Hi, I check eq3 in [1]. As the CCR@FPRn is not directly defined for ours, which is a standalone ood detector, we should make some conversions. I think it is ok to calculate the numerator as the number of samples that 1. pass our detector and 2. can be correctly classified. Since CCR typically shows the performance of the classifier, not our ood detector, we do not use this for evaluation in the paper. Note that, given the FPRn of our detector, whether one sample can pass or not is fixed depending on the input label.

[1] A. R. Dhamija, M. Gunther, and T. Boult, “Reducing network agnostophobia,” in NeurIPS, 2018.

LuFan31 commented 1 year ago

Yes, your mentioned calculation of the numerator is right. But I can't understand why "whether one sample can pass or not is fixed depending on the input label". When given the FPR=n, we will obtain a corresponding threshold in the “OOD score”, and a sample will be viewed as ID if its “OOD score” is larger than this threshold, so I think "whether one sample can pass or not" just depend on its “OOD score” instead of its label.

flymin commented 1 year ago

You are correct. Sorry, my words are a little confusing. I am just talking about our method. In MoodCat, given the class label and the image as input, there is a score.

LuFan31 commented 1 year ago

Thank you for your reply. But I still can’t find where is the code for calculating the ID classsification accuracy in "mcoodcat_on_scood.py", "./CIFAR10_masking/testmodel.py" and "./ CIFAR100_masking/testmodel.py" , which make it difficult for me to test the CCR@FPRn metric with your method. Could you please tell where's this part in your code to let me complete test ?

Buren-joker commented 1 year ago

How to prepare the training dataset, such as CIFAR and ImageNet?How to split?

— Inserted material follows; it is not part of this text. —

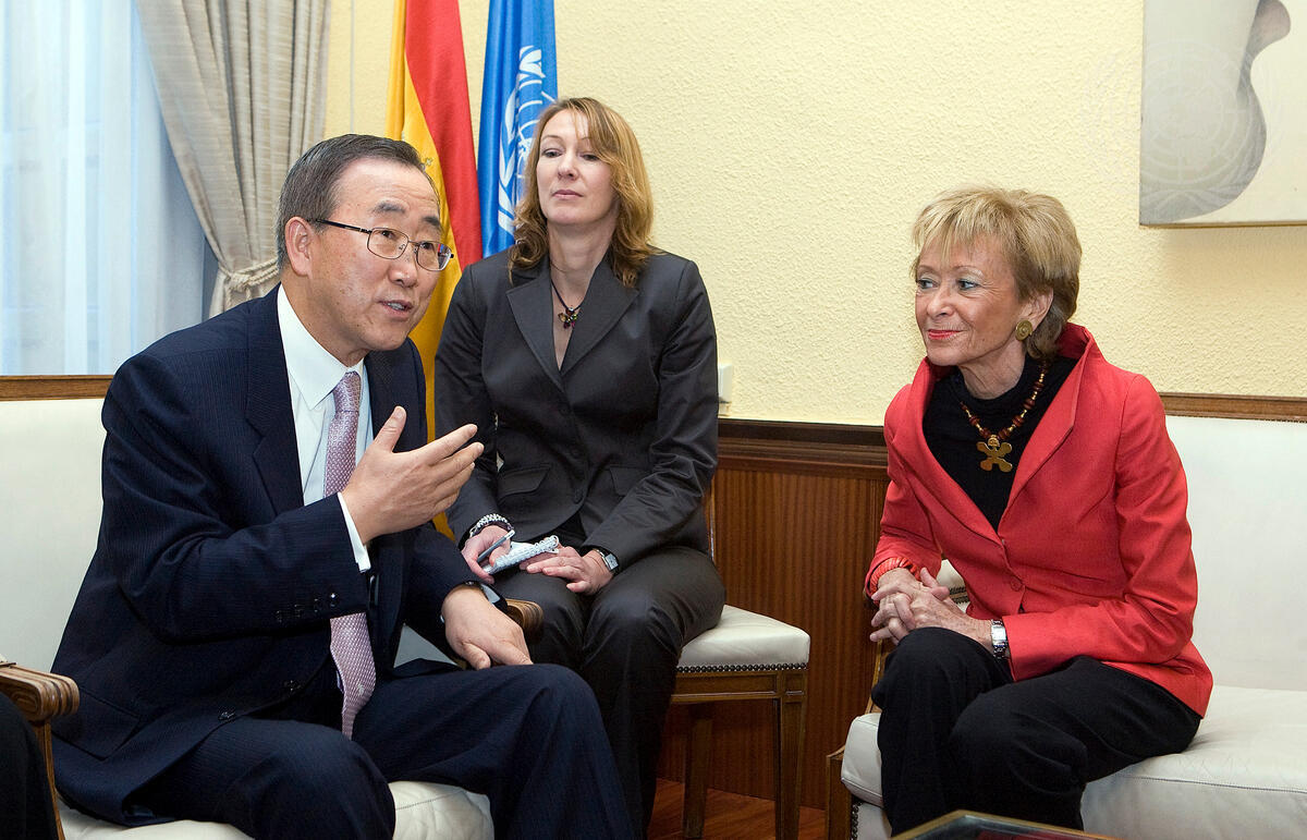 Secretary-General Ban Ki-moon (left) in a meeting with María Teresa Fernández de la Vega (right), Vice-President of the Government Spain.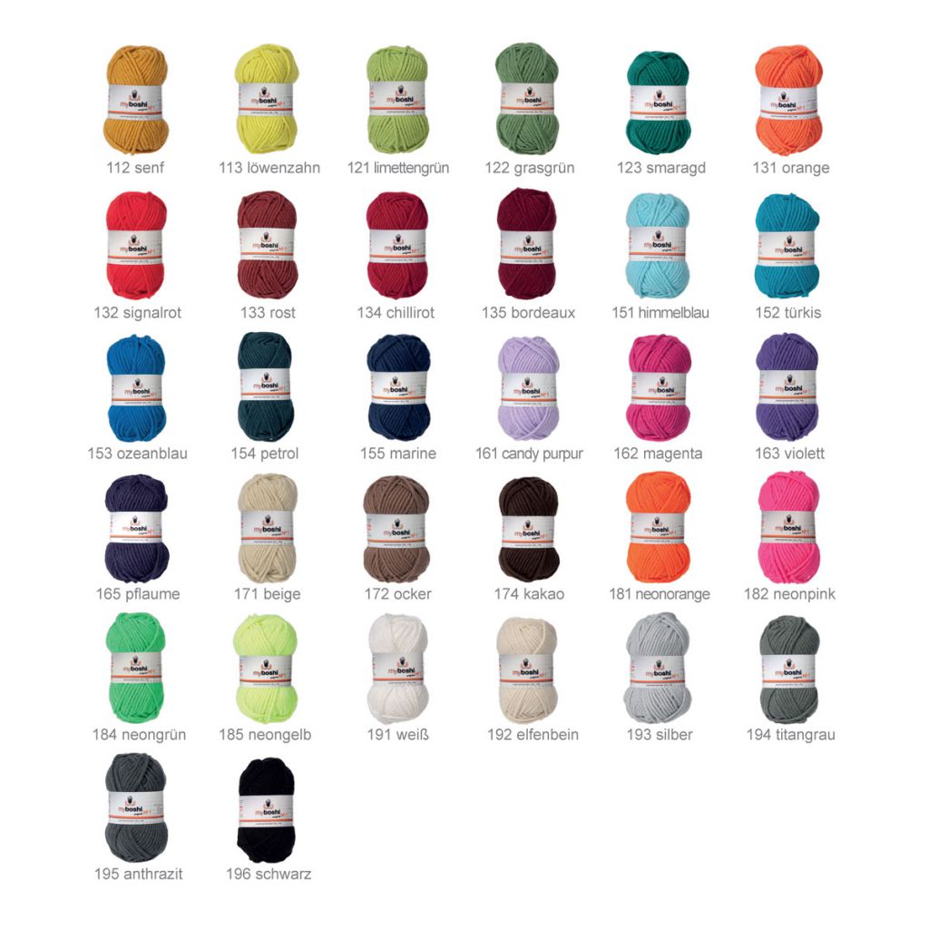 Presso oltre 1.000 mercerie e negozi di hobbistica distribuiti su tutto il territorio italiano, è possibile acquistare tutto il necessario per realizzare, secondo i propri gusti, un myboshi originale. Fare un myboshi è semplice, bastano i punti base come quello a catenella e la mezza maglia alta e i seguenti ingredienti: tre gomitoli di lana myboshi, un uncinetto n.6, le istruzioni myboshi (in due versioni: mini-libro 3 creazioni/libro 15 creazioni). La disponibilità di 36 varianti di colore dei gomitoli (30% lana Merino superwash e 70% acrilico) offre oltre ai gialli, aranci, rossi, blu, bianchi e nero, anche una moderna gamma di colori neon.

flymin commented 1 year ago

Thank you for your reply. But I still can’t find where is the code for calculating the ID classsification accuracy in "mcoodcat_on_scood.py", "./CIFAR10_masking/testmodel.py" and "./ CIFAR100_masking/testmodel.py" , which make it difficult for me to test the CCR@FPRn metric with your method. Could you please tell where's this part in your code to let me complete test ?

@LuFan31 Sorry, we did not consider that metric in the evaluation. There is no code in this repo for CCR@FPRn. As a standalone OOD detector, we only test the ID classification accuracy with the classifier itself, without MOODCat. Therefore, we do not include the test for ID classification accuracy in our evaluation.

How to prepare the training dataset, such as CIFAR and ImageNet?How to split?

@Buren-joker There is an official split for cifar10 and cifar100. We follow them from torchvision dataloader. For testing, we follow SCOOD. I'm closing this issue. If you have any follow-ups, please continue #2.